Segment Start: Material provided
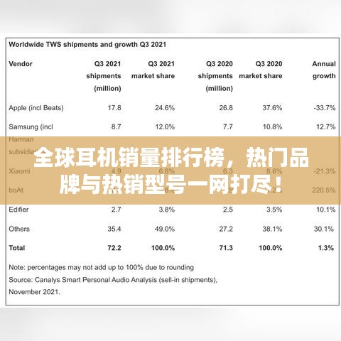 随着科技的不断发展,耳机已经成为我们日常生活中不可或缺的电子产品之一,无论是音乐爱好者还是商务人士,耳机都扮演着重要的角色,本文将对全世界耳机销量排名进行介绍,带您了解哪些品牌在市场上占据领先地位。
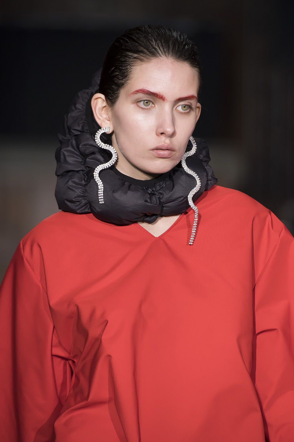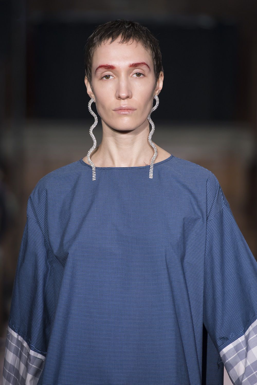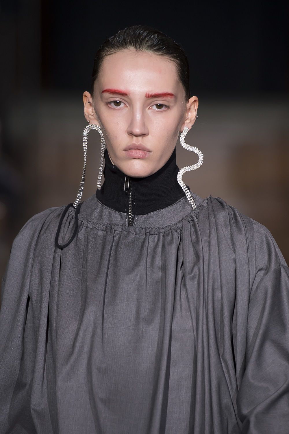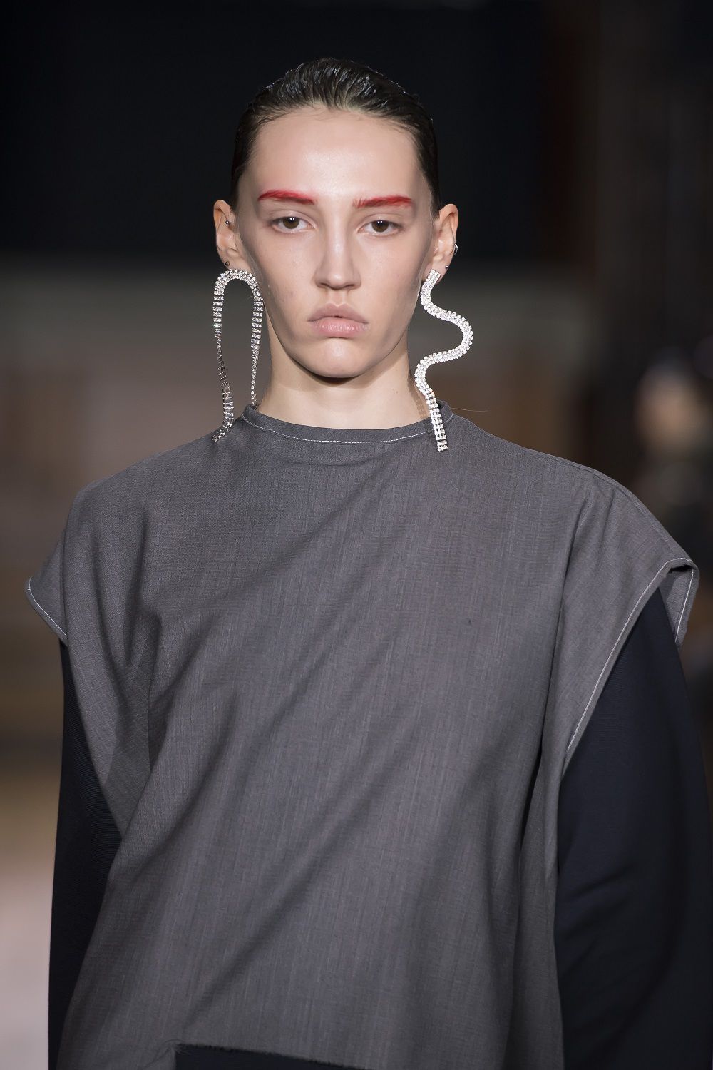 Plus touches? The long diamond earrings, the inevitable sporty touch and...colored eyebrows.
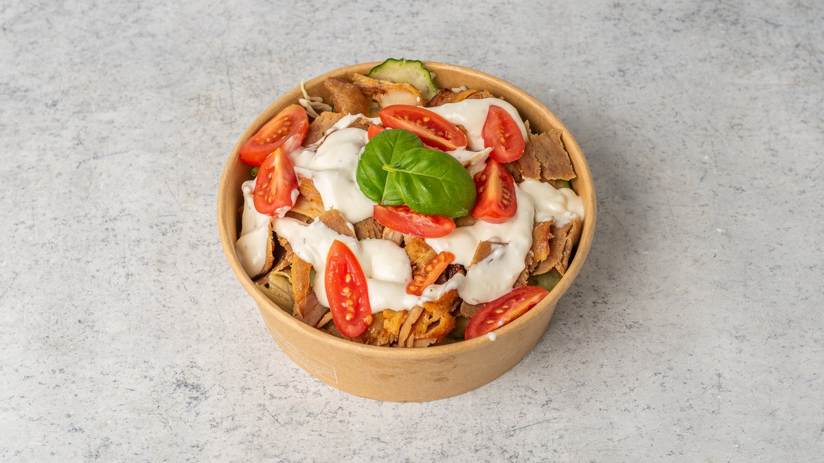 káposzta, jégsaláta, hagyma, uborka, paradicsom, joghurtos öntet, csirke- vagy borjú hús, burrata sajt
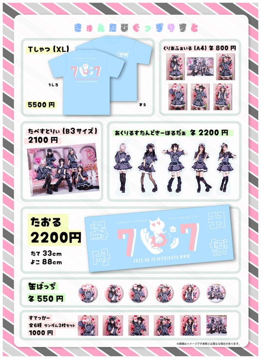 ワンマンライブに向けて展開している記念グッズも大きな反響を呼んでいます。タイトルの「確定演出」に因んだアイテムたちはワンマンをより楽しむために欠かせないでしょう。
Segment End: Material provided
What is needed
Give the lines above again exactly, from the one containing "Plus touches? The" to the one containing "káposzta, jégsaláta, hagyma, uborka, paradicsom, joghurtos", both included, but leave out the pictures.

Exercise output
 Plus touches? The long diamond earrings, the inevitable sporty touch and...colored eyebrows.
 káposzta, jégsaláta, hagyma, uborka, paradicsom, joghurtos öntet, csirke- vagy borjú hús, burrata sajt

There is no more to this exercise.